# Mortgage - what multiple of income?



## Estoril-5 (Mar 8, 2007)

seeing as there is a lot of talk about house buying and prices and stuff, i wanted to know how much your mortgage was in comparison to your household income (this could be single or joint).

what is the multiple?

the avearge uk salary is abt £24,000 from what i remember.

what is the multiple of your mortgage (when you mortgaged first, not what it is now) to your salary when you took out the mortgage.


----------



## bjarvis2785 (Oct 4, 2008)

I took out a joint mortgage last July...

Joint income was accepted at £41,500 and mortgage was £132,000

i say 'accepted' because i'm commission based, so they only took half of my projected commission for the year into account.

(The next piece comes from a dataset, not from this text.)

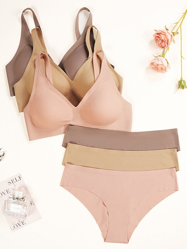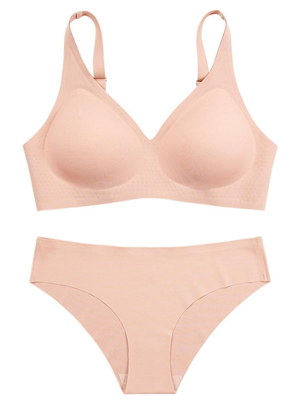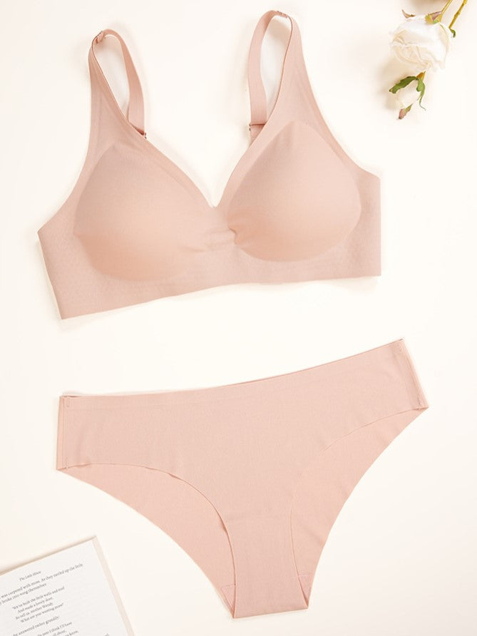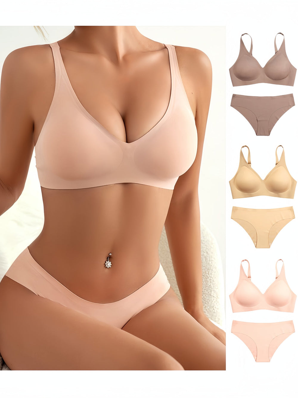 Introducing the Seamless Deep V Sexy Ice Silk Wireless Bra Set, crafted for ultimate comfort and a solid color sleek look. Made from breathable ice silk fabric, this set is designed for a seamless finish under any outfit. The wireless bra features thin adjustable straps and a deep V-neck for a flattering and sexy fit. Paired with seamless panties for a smooth, invisible feel, this set ensures all-day comfort and confidence, perfect for any occasion.

Since then i've had a nice pay rise so all is good


----------



## robertdon777 (Nov 3, 2005)

2.7 x's the joint income.

fixed for 10 years 2 years ago at 5.6%. At the moment it looks expensive but if you think the average over the last 15 years is more like 9% i'm still happy.
Plus you try getting a fixed rate 10 year deal now at the supposed low rate mortgages on offer - maybe if you have 40% deposit, I only had 20%


----------



## jamest (Apr 8, 2008)

Pretty much dead on 2x. Could probably afford 3x fairly easily and might be able to squeeze 4x with some sacrifices.

I'm on fixed rate at 4.69% which was excellent not long ago.


----------



## chunkytfg (Feb 1, 2009)

Mine was about 2.5 to 3 ish off the top of my head. was easy to afford as i was single and caning the overtime.


----------



## alipman (May 10, 2007)

I have had 2 mortgages.

1st one was on my salary only, this was 3.25 my salary in 1999.

I cleared that mortgage and moved in 2007. They offered us, me full time, missus part time, nearly £200K. ""Only"" got £100K in the end....


----------